Provider Registration

Providers are registered at startup:

# Location: apps/api/app/agents/llm/client.py:282
def register_llm_providers():
    """Register LLM providers in the lazy loader."""
    init_openai_llm()
    init_gemini_llm()
    init_openrouter_llm()

# Called during app lifespan
@asynccontextmanager
async def lifespan(app: FastAPI):
    # Startup
    register_llm_providers()
    build_graphs()
    yield

Lazy Loading Pattern

Providers use lazy initialization:

from app.core.lazy_loader import lazy_provider, MissingKeyStrategy

@lazy_provider(
    name="openai_llm",
    required_keys=[settings.OPENAI_API_KEY],
    strategy=MissingKeyStrategy.WARN,
    warning_message="OpenAI API key not configured. OpenAI models will not work.",
)
def init_openai_llm():
    # Only initialized when accessed
    return ChatOpenAI(...)

# Provider not created until first use
llm = providers.get("openai_llm")  # Triggers initialization

Benefits:

Faster startup (no unnecessary initializations)
Conditional loading (only create if API key exists)
Error isolation (failed provider doesn’t crash app)

Best Practices

1. Use Free LLM for Non-Critical Tasks

# Good: Use free LLM for auxiliary tasks
follow_up_llm = init_llm(use_free=True)
follow_ups = await follow_up_llm.ainvoke([HumanMessage(content="...")])  

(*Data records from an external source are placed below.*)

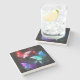 The coasters are gorgeous, a quality feel and heavy weight. They look like a precious archeological find. A rustic stone juxtaposed with a modern floral black and white print. I like the way the print goes slightly imperfect on the cut stone edges giving them a kind-of natural beauty.
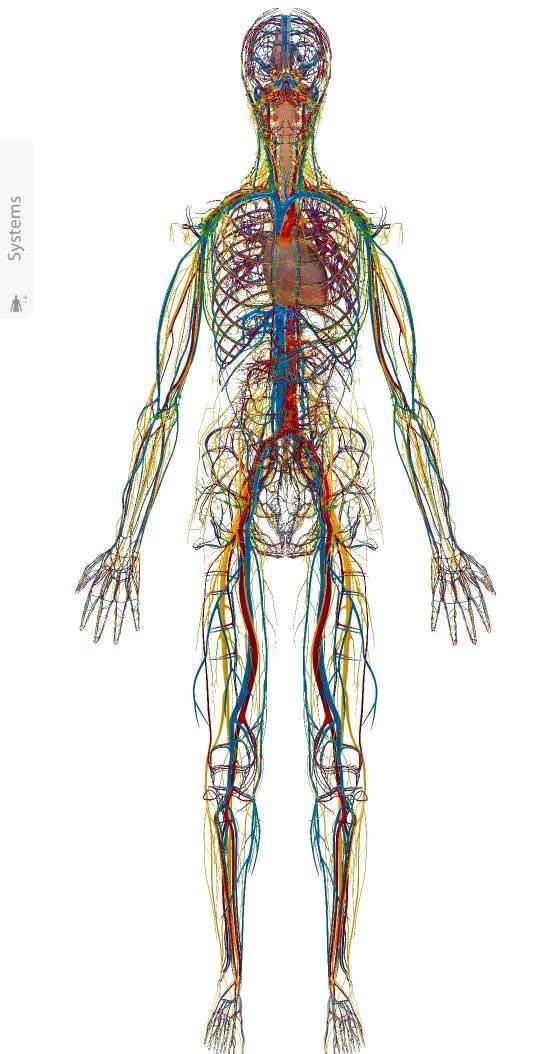 اذا تم نزع جلد الانسان والعظام والعضلات والامعاء ، يمكن مشاهدة شبكة من الأوعية الدموية تتكون من الشرايين الحمراء والاوردة الزرقاء والاعصاب الصفراء والأوعية اللمفية الخضراء..والتي يقدر طولها معا باكبر من طول قطر الكرة الارضية ب 5 مرات..
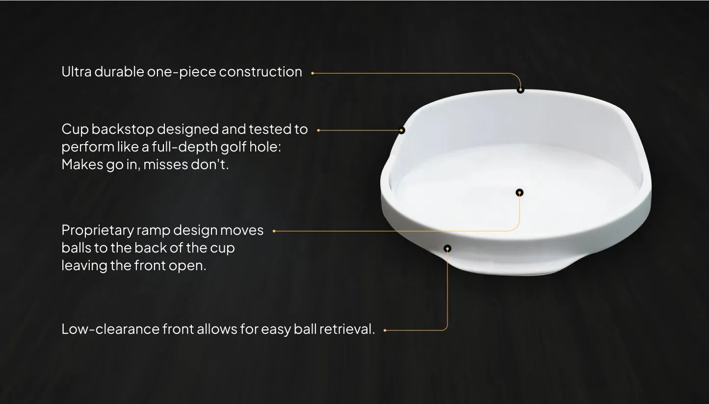 Our innovative cup design sets new standards for practice efficiency, accommodating multiple balls while maintaining the integrity of regulation-depth putting. The mat's specialized rubber backing and crease-resistant material ensure it lies perfectly flat immediately upon unrolling, while providing exceptional durability for both indoor and outdoor use.
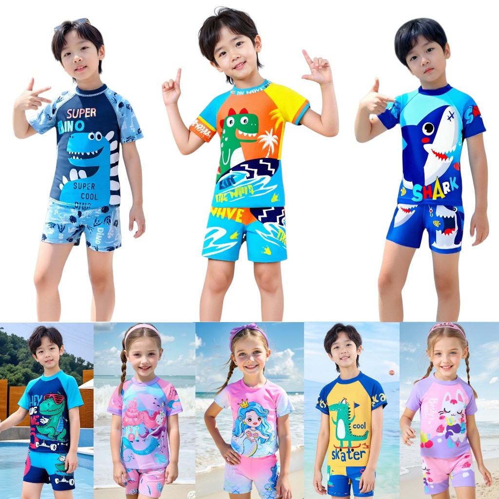 ชุดว่ายน้ำเด็กทูพีช ชุดว่ายน้ำเด็กชายและเด็กหญิงลายการ์ตูนน่ารักสีสวย Y09
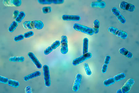 Scientific image of bacteria Corynebacterium showing their characteristic morphology, rod-shaped bacteria with wider ends and club shape appearance, 3D illustration. C. diphtheriae and other
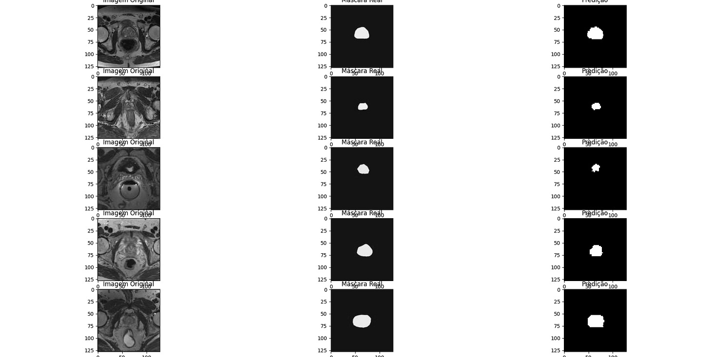 Esses exemplos demonstram que o modelo é capaz de identificar e segmentar a área da próstata com precisão razoável, embora algumas predições possam diferir ligeiramente das máscaras reais. Esse feedback visual é essencial para avaliar a qualidade do modelo e identificar possíveis melhorias.

# Avoid: Using primary LLM for everything
primary_llm = init_llm()
follow_ups = await primary_llm.ainvoke(...)  # Wastes tokens

2. Enable Fallback for Production

# Good: Fallback enabled
llm = init_llm(preferred_provider="openai", fallback_enabled=True)

# Risky: No fallback
llm = init_llm(preferred_provider="openai", fallback_enabled=False)
# Fails completely if OpenAI is down

3. Track Token Usage

# Good: Monitor usage
usage_callback = UsageMetadataCallbackHandler()
config = {"callbacks": [usage_callback]}
response = await llm.ainvoke(messages, config=config)
log_usage(usage_callback.total_tokens, usage_callback.total_cost)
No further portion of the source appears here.